What you are asked to do:
Repeat each entry as written, dropping any picture you find.

Supplied material:
______
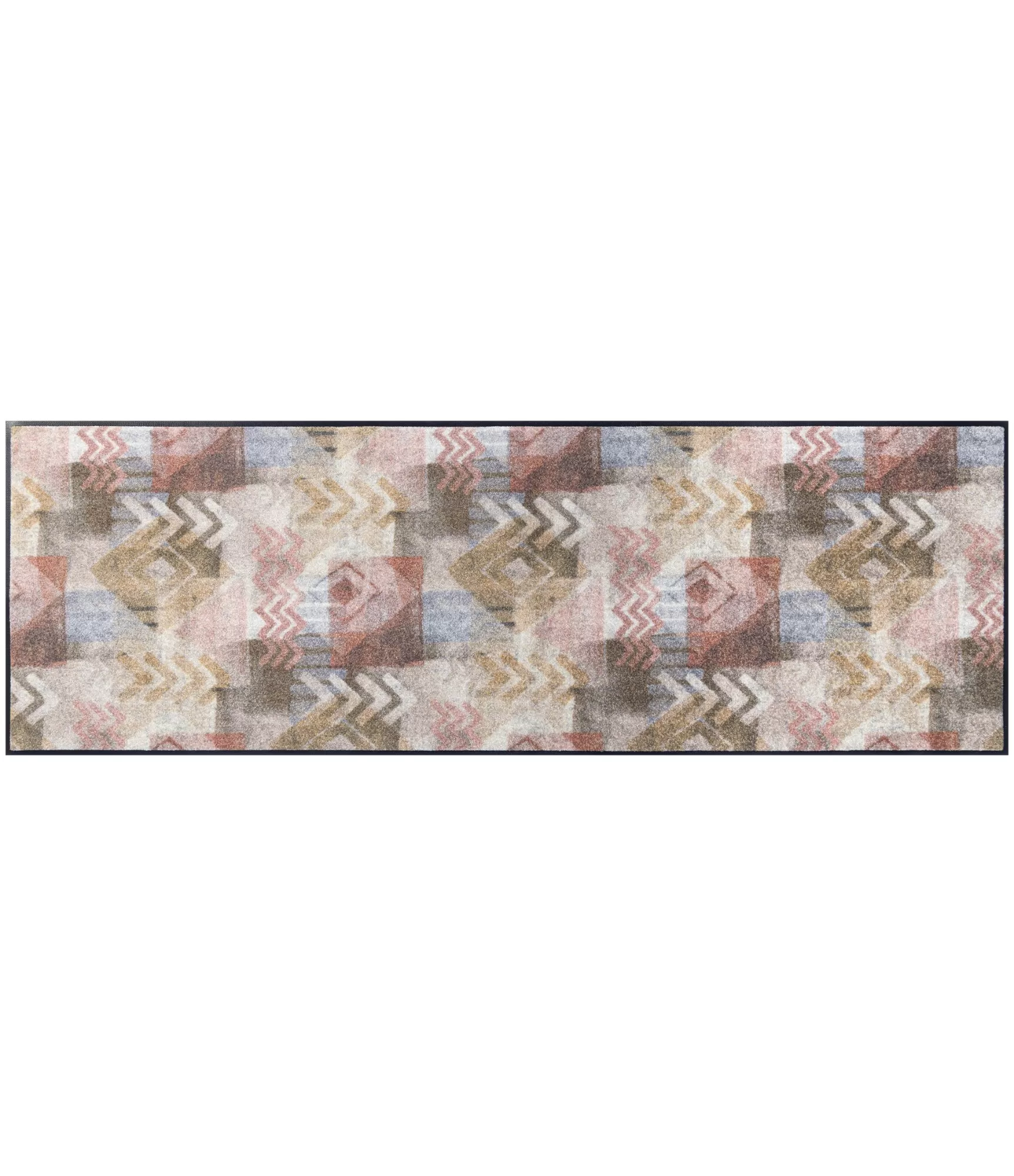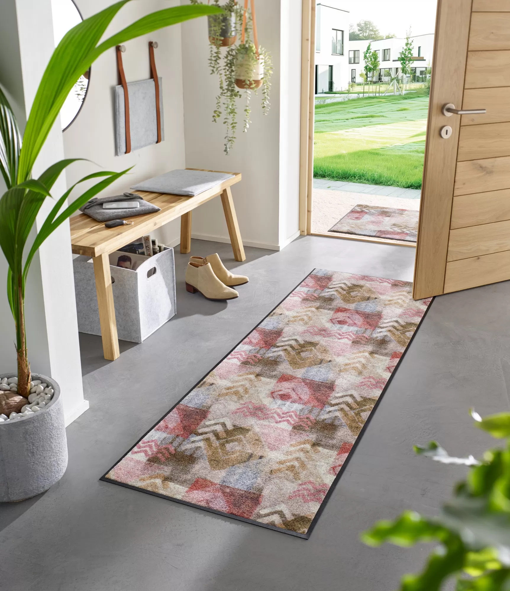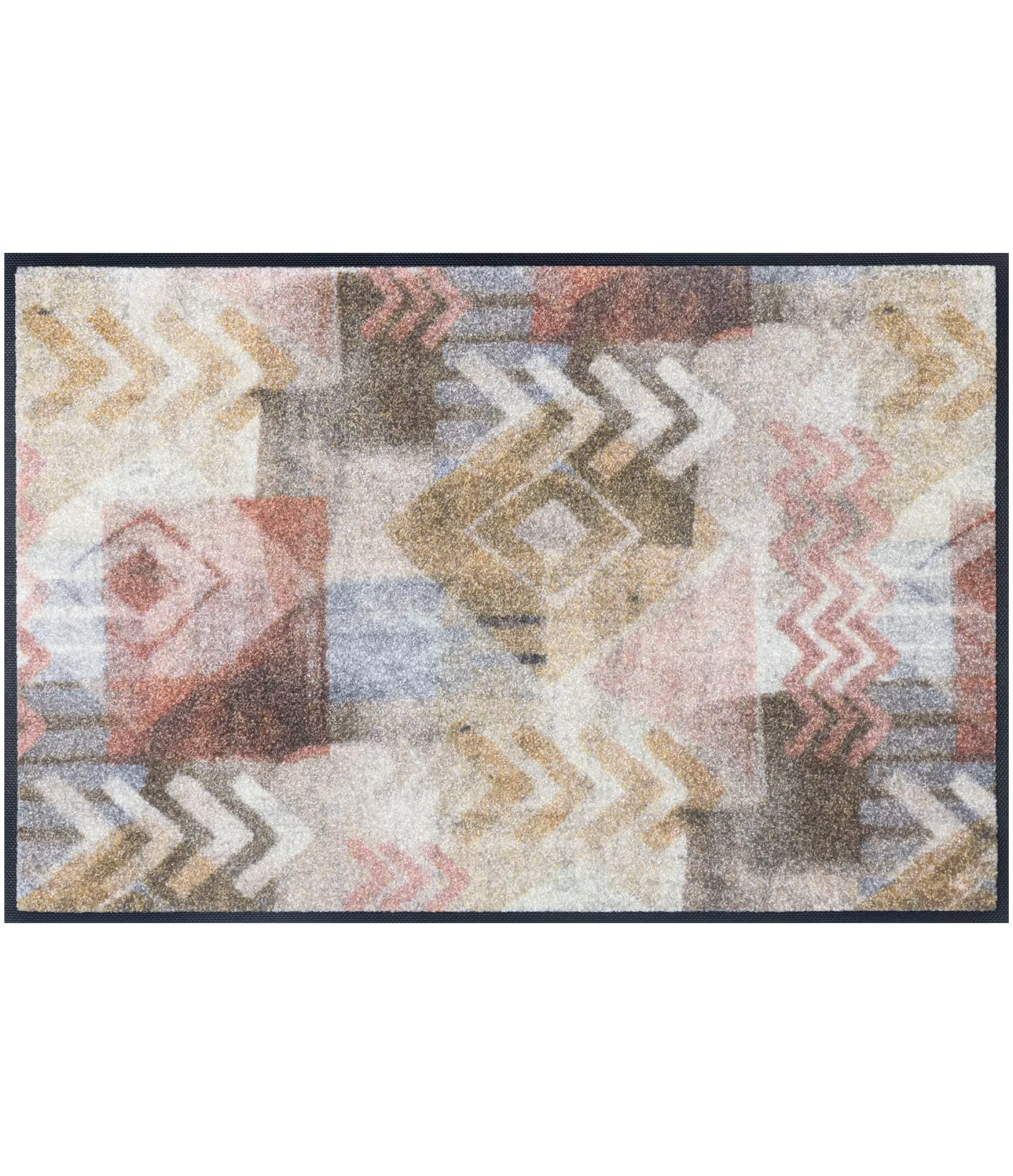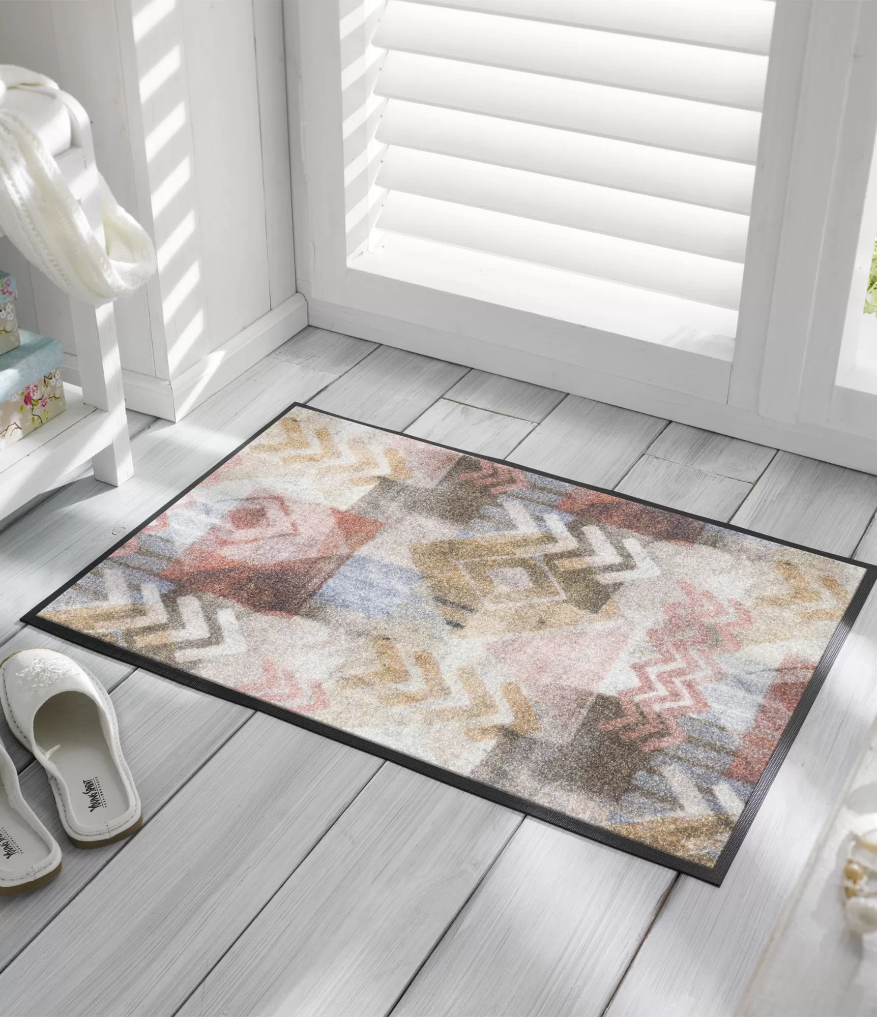Madingas durų kilimėlis "Timesign" išsiskiria šiuolaikišku geometriniu dizainu, kuriame dera subtilūs raštai ir švelni, natūrali spalvų paletė. Šis sprendimas pasižymi ramių smėlio, pilkų, rusvų ir prislopintų rausvų tonų deriniu, todėl lengvai įsilieja į įvairius interjerus. Dizainas atrodo moderniai, tačiau neperkrauna erdvės, todėl puikiai tinka tiek minimalistiniams, tiek jaukesniems namams.
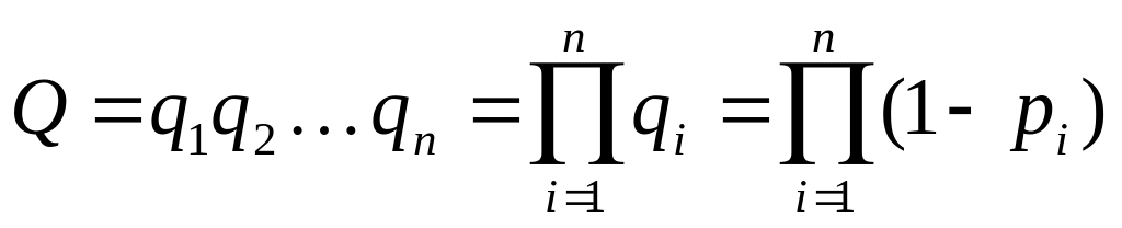 Поскольку qi <1, произведение в правой части (3.7) всегда меньше любого из сомножителей, то вероятность отказа системы не может быть выше вероятности самого надежного ее элемента (“лучше лучшего”) и даже из сравнительно ненадежных элементов возможно построение вполне надежной системы.
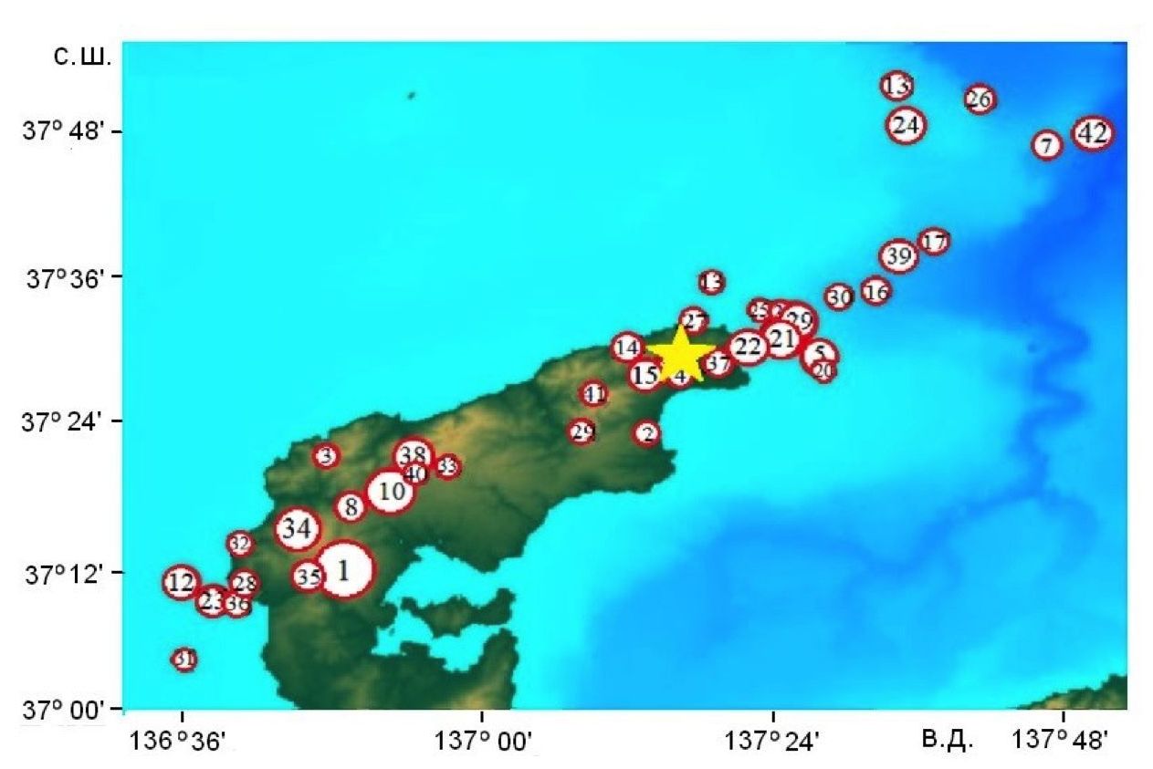 F i g. 2. Aftershocks after the 01/01/2024 earthquake on the Noto Peninsula (yellow star is the earthquake epicenter; circles with numerals indicate the order of aftershocks 5)
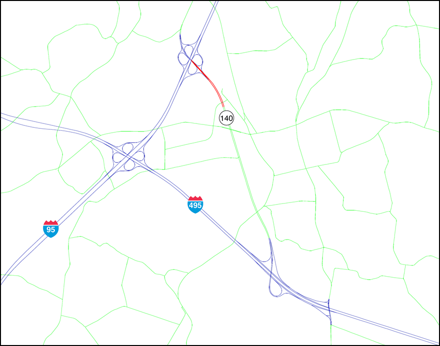 This area is connected to the two interstate highways by Route 140. The portion of Route 140 south of I-95 in Foxborough is proposed as a CUFC.
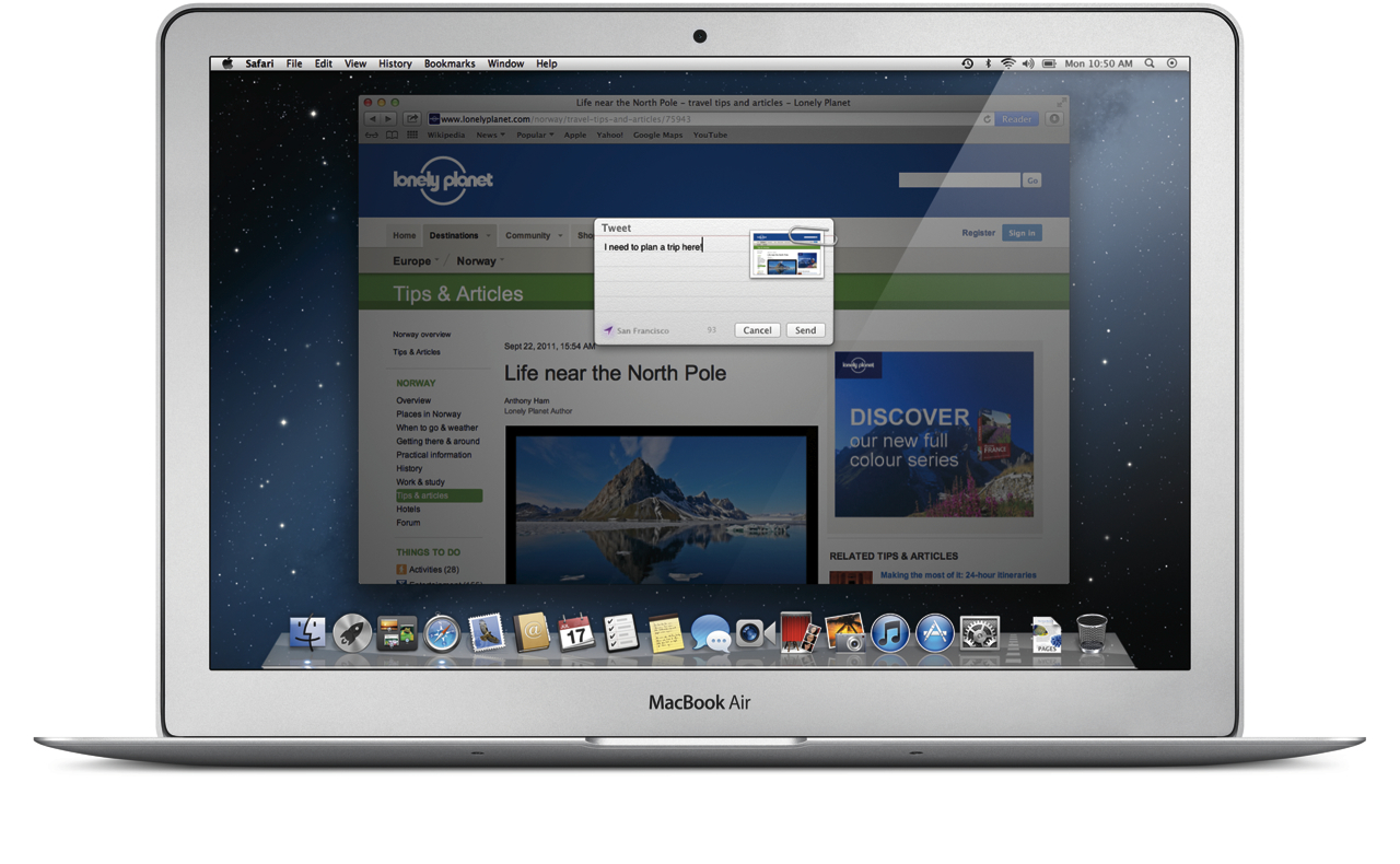 Although Twitter is just one of the Share Sheet options, it's the third-party service which is most consistently integrated with Mountain Lion. Like in iOS 5, once you log in for the first time you can tweet content across Safari, Preview, Photo Booth and Quick Look, among others, in addition to seeing responses and direct messages in the Notification Center (though not in the initial beta).
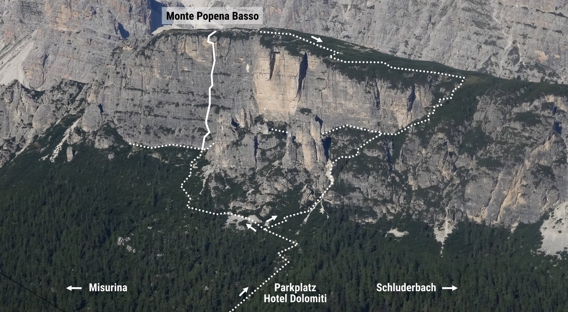 Vorm Ausstieg der Wand entlang nach Norden und über einen Steig zurück zum Parkplatz. Siehe Übersichtsbild.
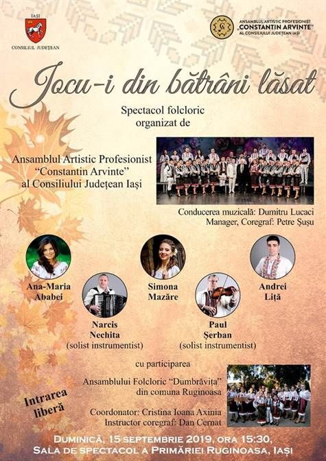 Mentionam ca spectacolul este organizat de Ansamblul Artistic Profesionist „Constantin Arvinte” al Consiliului Judetean Iasi iar intrarea este gratuita.
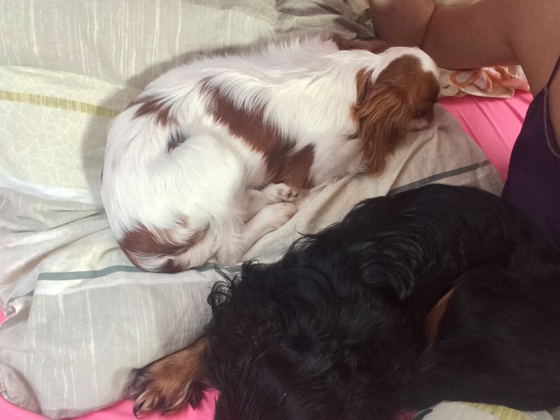 P pojechał już do pracy, a mnie obudziło szczekanie Cygusia.. Psiaki miały ustawione legowiska przy szafkach nocnych, a Cyguś oczywiśćie w nocy zameldował się do łóżka. Rano Marviś usiadł przy łóżku i kwękał, a Cyguś obszczekał bo z wysokości poduszki
______
Finished task:
Madingas durų kilimėlis "Timesign" išsiskiria šiuolaikišku geometriniu dizainu, kuriame dera subtilūs raštai ir švelni, natūrali spalvų paletė. Šis sprendimas pasižymi ramių smėlio, pilkų, rusvų ir prislopintų rausvų tonų deriniu, todėl lengvai įsilieja į įvairius interjerus. Dizainas atrodo moderniai, tačiau neperkrauna erdvės, todėl puikiai tinka tiek minimalistiniams, tiek jaukesniems namams.
 Поскольку qi <1, произведение в правой части (3.7) всегда меньше любого из сомножителей, то вероятность отказа системы не может быть выше вероятности самого надежного ее элемента (“лучше лучшего”) и даже из сравнительно ненадежных элементов возможно построение вполне надежной системы.
 F i g. 2. Aftershocks after the 01/01/2024 earthquake on the Noto Peninsula (yellow star is the earthquake epicenter; circles with numerals indicate the order of aftershocks 5)
 This area is connected to the two interstate highways by Route 140. The portion of Route 140 south of I-95 in Foxborough is proposed as a CUFC.
 Although Twitter is just one of the Share Sheet options, it's the third-party service which is most consistently integrated with Mountain Lion. Like in iOS 5, once you log in for the first time you can tweet content across Safari, Preview, Photo Booth and Quick Look, among others, in addition to seeing responses and direct messages in the Notification Center (though not in the initial beta).
 Vorm Ausstieg der Wand entlang nach Norden und über einen Steig zurück zum Parkplatz. Siehe Übersichtsbild.
 Mentionam ca spectacolul este organizat de Ansamblul Artistic Profesionist „Constantin Arvinte” al Consiliului Judetean Iasi iar intrarea este gratuita.
 P pojechał już do pracy, a mnie obudziło szczekanie Cygusia.. Psiaki miały ustawione legowiska przy szafkach nocnych, a Cyguś oczywiśćie w nocy zameldował się do łóżka. Rano Marviś usiadł przy łóżku i kwękał, a Cyguś obszczekał bo z wysokości poduszki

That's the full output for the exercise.